Además de las mucopolisacaridosis podemos encontrar otros trastornos del almacenamiento
lisosómico (mirar tabla de arriba), heredadas con un patrón autosómico recesivo (excepto la
enfermedad de Fabry, que tiene una herencia recesiva ligada al X). Entre las tres más citadas
encontramos: la enfermedad de Tay-Sachs, la enfermedad de Gaucher y la enfermedad de
Niemann-Pick.

 Enfermedad de Tay-Sachs
La enfermedad de Tay-Sachs infantil es un trastorno autosómico recesivo del almacenamiento
de los lisosomas, en el que se aprecia una deficiencia de la enzima β-hexosaminidasa A
(HEXA). Esto lleva a una acumulación del sustrato, el gangliósido GM2, en los lisosomas
neuronales.

Tal acumulación lesiona las neuronas


y produce ceguera, crisis convulsivas,
hipotonía y muerte hacia la edad de 5
años; no tiene tratamiento y siempre
es letal. Es muy típico de esta
enfermedad la aparición de manchas
rojo cereza en la mácula,
características de una atrofia óptica
que conduce hacia una ceguera
rápida y progresiva.

El gen que codifica a esta enzima se


encuentra en el brazo largo del
cromosoma 15 (15q24.1) y se
encuentra compuesto por 14 exones.
El 80% de las mutaciones que se traducen en esta enfermedad ocurren sobre el exón 11, del
cromosoma 15 mediante la inserción de 4 pb (+TATC).

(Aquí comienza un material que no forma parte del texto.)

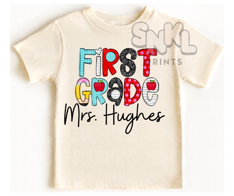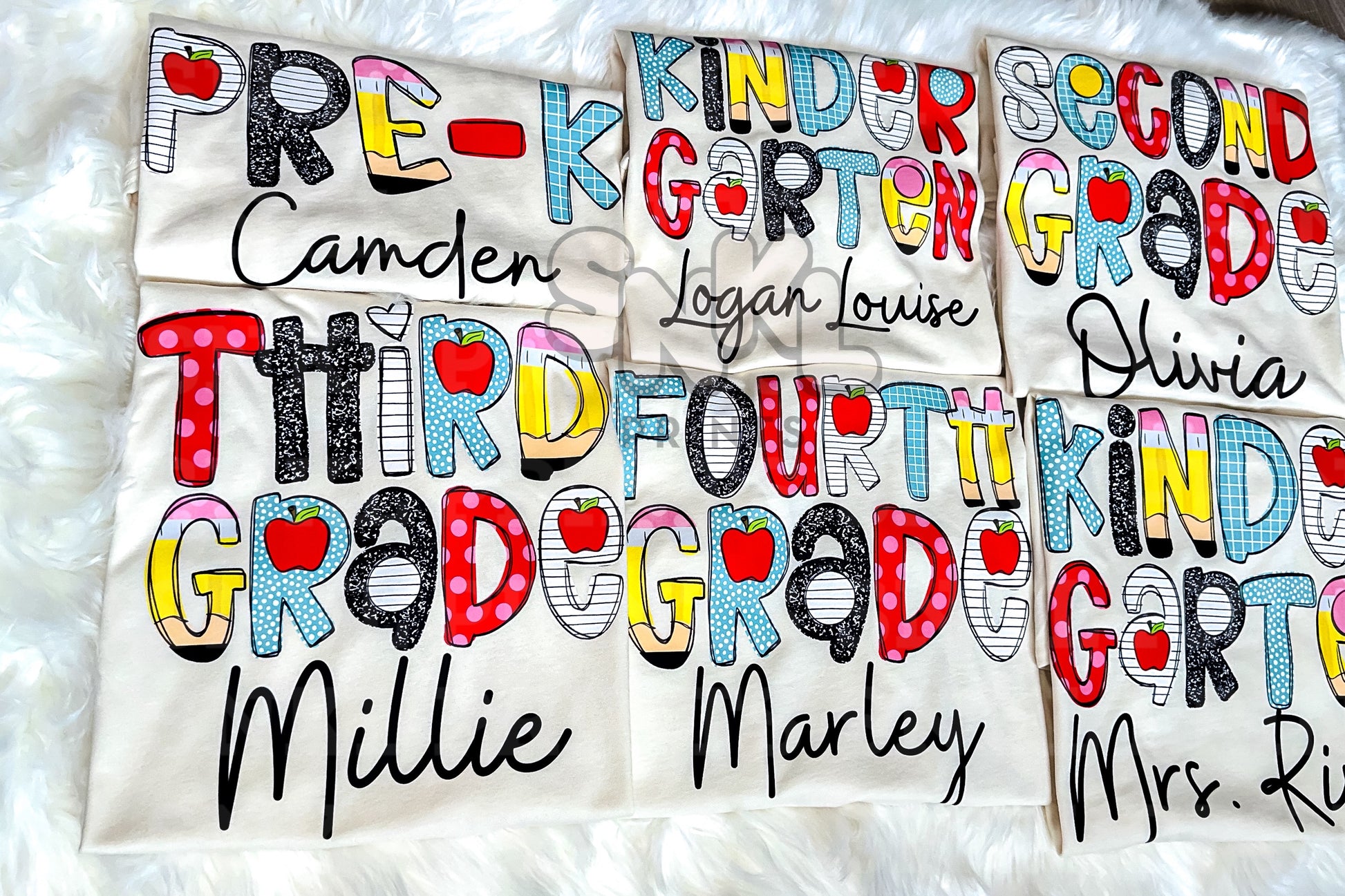 Introducing Grade School Alpha | Kids Shirt! This cool shirt features school supplies and will make any kid feel like an education pro. Perfect for showing off their grade level with style, this quirky and fun shirt is a must-have for any young student. Get yours today!
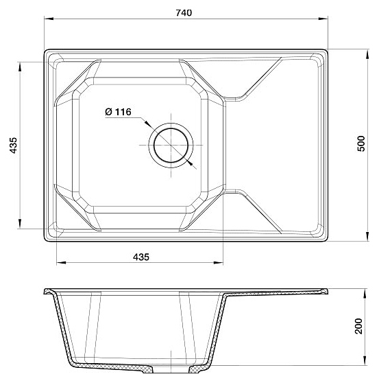 Кухонная мойка GranFest Unique GF-U-740L графит
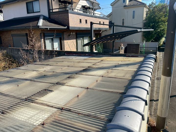 - 世田谷区若林にて劣化した塩ビ波板をポリカーボネート製の波板へ交換工事をおこないました!
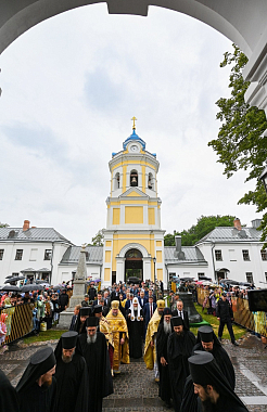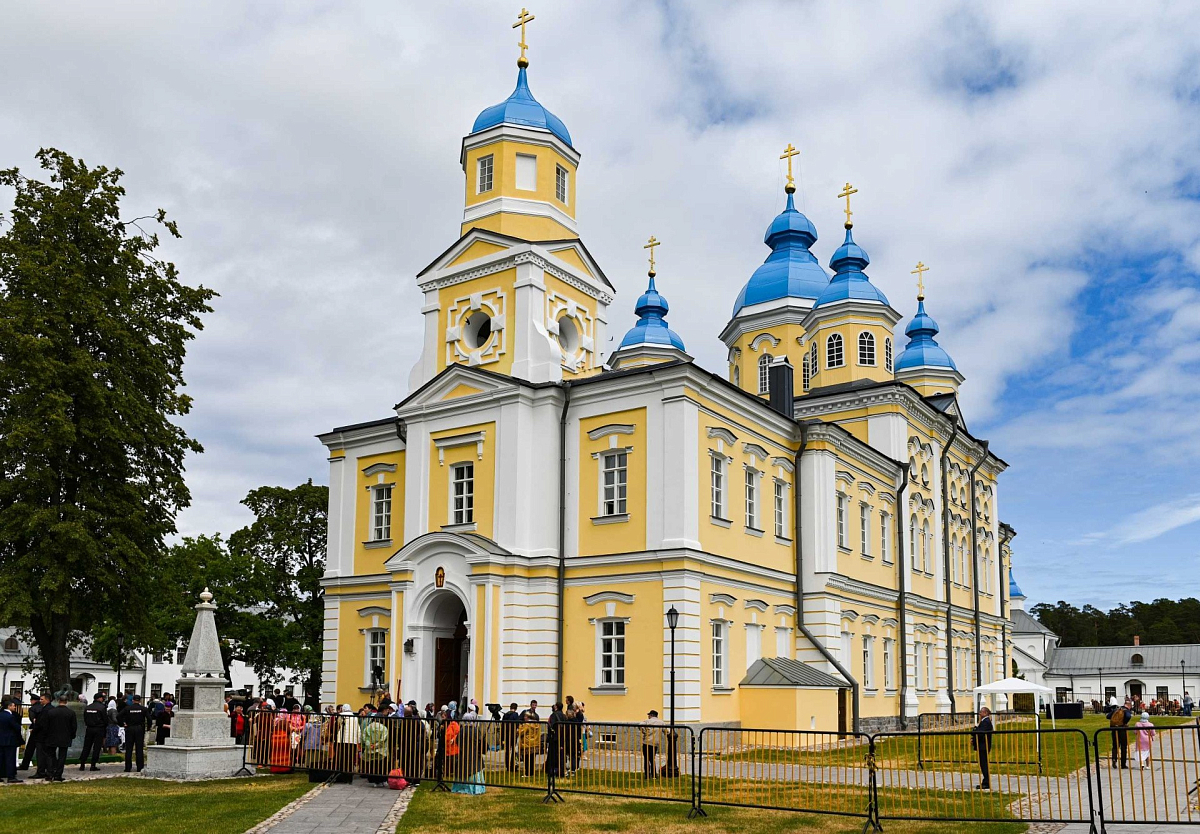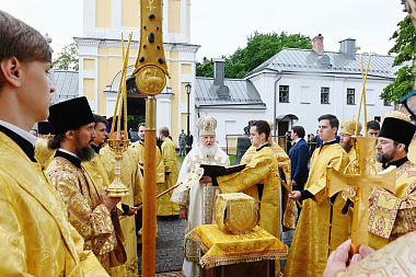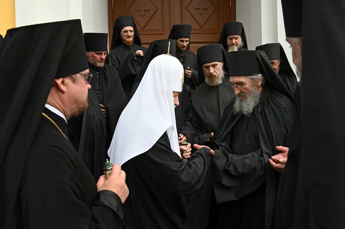 У святых врат монастыря Святейшего Владыку встречали священноархимандрит Коневского Рождество-Богородичного монастыря епископ Выборгский и Приозерский Игнатий, секретарь епархиального управления Санкт-Петербургской митрополии протоиерей Сергий Куксевич, наместник монастыря игумен Александр (Арва) и братия обители, представители руководства Ленинградской области и Санкт-Петербурга.
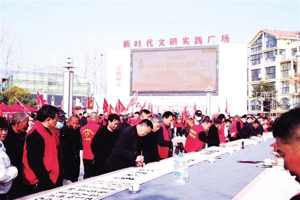 3月2日,在鹿邑县新时代文明实践广场,60余名书画家现场泼墨,为广大市民和书法爱好者献上一场书画艺术盛宴。当日,该县举行以“丹青歌颂二十大 百米长卷扬文明”为主题的书画长卷创作活动,用书画艺术歌颂党的二十大,在丰富群众文化生活的同时,提升了市民文明素养与艺术审美能力。③6记者 侯国防 通讯员 冯瑞 摄
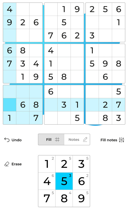 New to Sudoku? You can automatically fill in the notes on the board so that you can focus on solving the puzzle. This is a helpful tool for when you’re stuck and in need of speedy assistance.
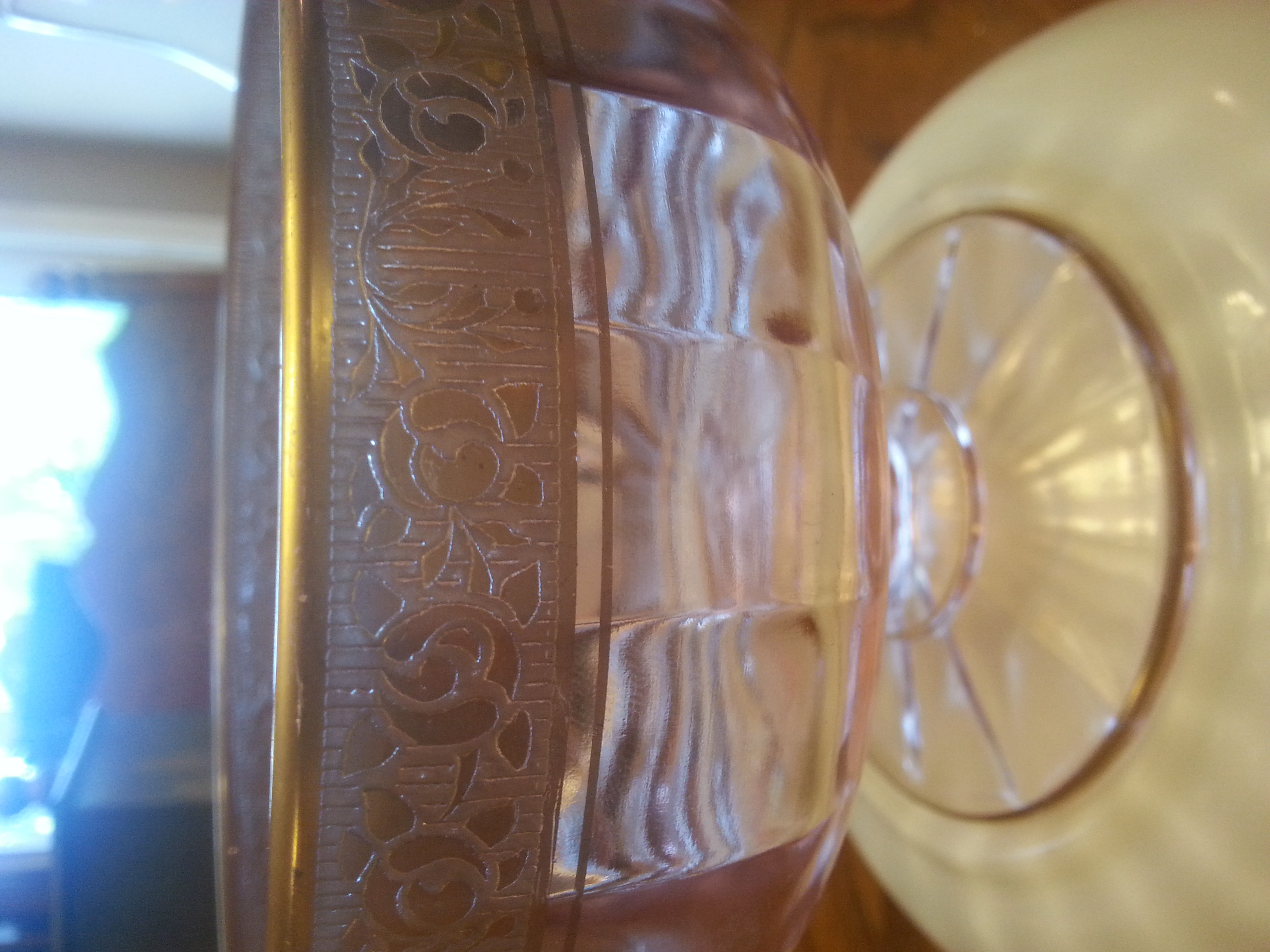 It has a 1" gold trim with flowers and small stripes on the rim and a thin gold plate trim on the base edge it has molding marks,straw marks ,some scratches but the condition is good I think it's a block optic pattern by Hocking Glass Company in pink depression glass
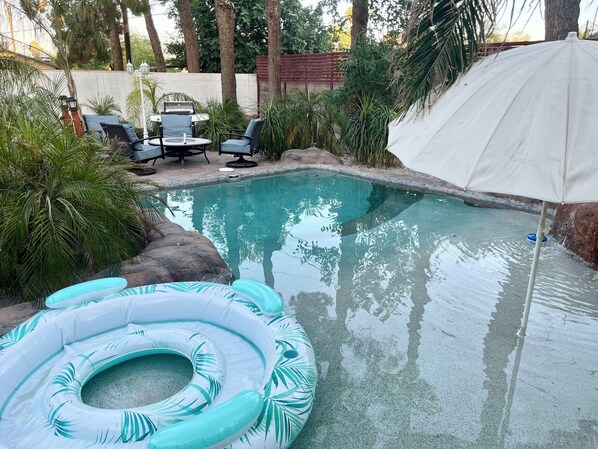 Yes, this property has an outdoor pool. Pool types include heated pools.
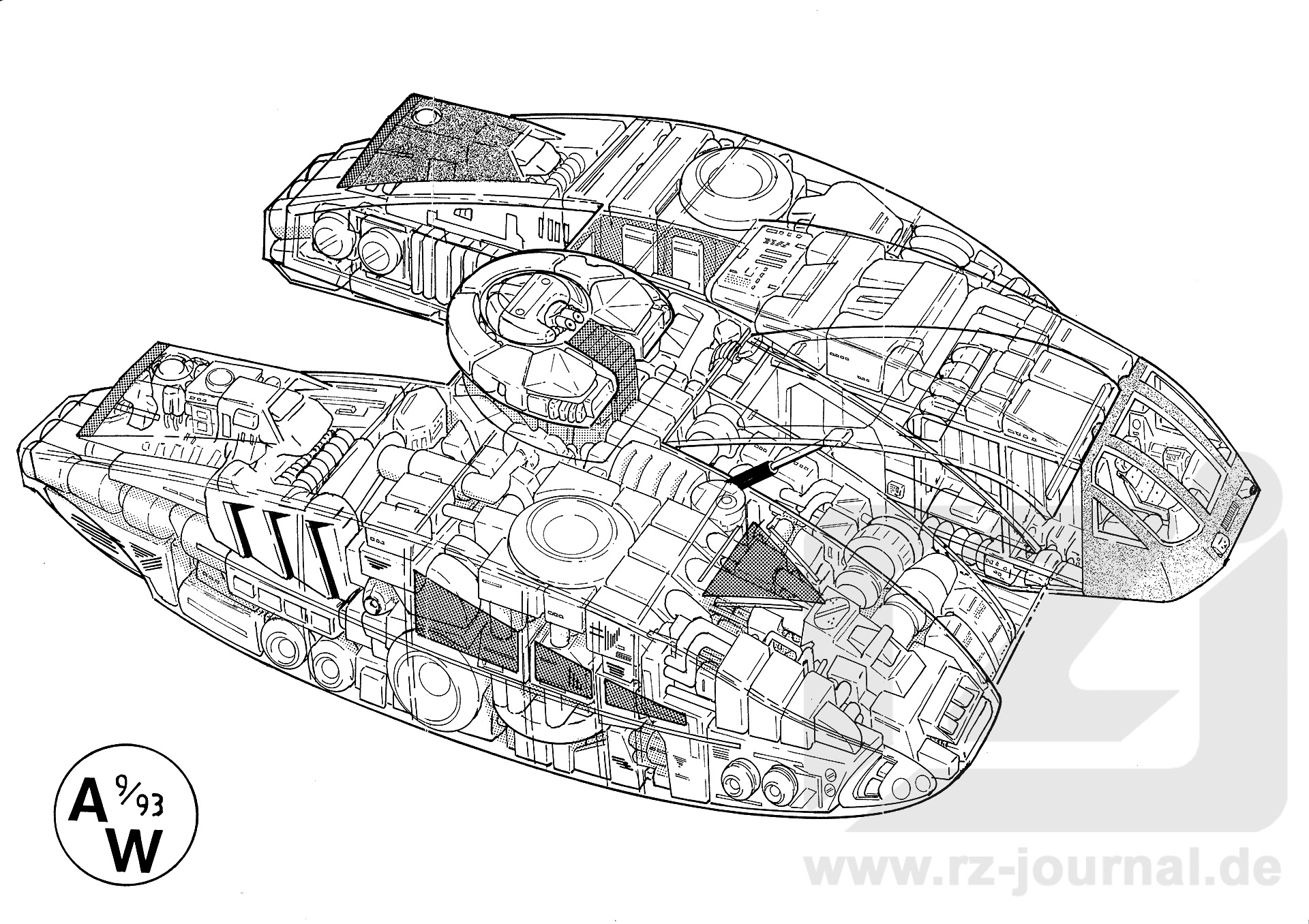 wie der Ashigaru-Shift kommt da für die Feinarbeit gerade recht. Die Zeichnung zeigt einen Ashigaru-Shift in der Schwerlast-Variante. Im Standard-Modell ist die Raumaufteilung etwas anders. z.B. wird dort der Besatzung etwas mehr Raum zugestanden.
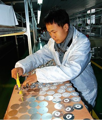 圖為投入試生產的LED車間工作人員在涂散熱材料

Se presenta con una prevalencia de 1/3.600 recién nacidos, siendo especialmente frecuente
en los judíos asquenazíes*, donde existe una frecuencia aproximada de heterocigotos de 1 de
cada 30 individuos.

*Nota: Por consiguiente esta población es una candidata razonable para la detección de
individuos portadores de la enfermedad. Dado que la enfermedad siempre es mortal, opciones
como la interrupción del embarazo o la inseminación artificial por donantes no portadores son
aceptables para la mayoría de parejas.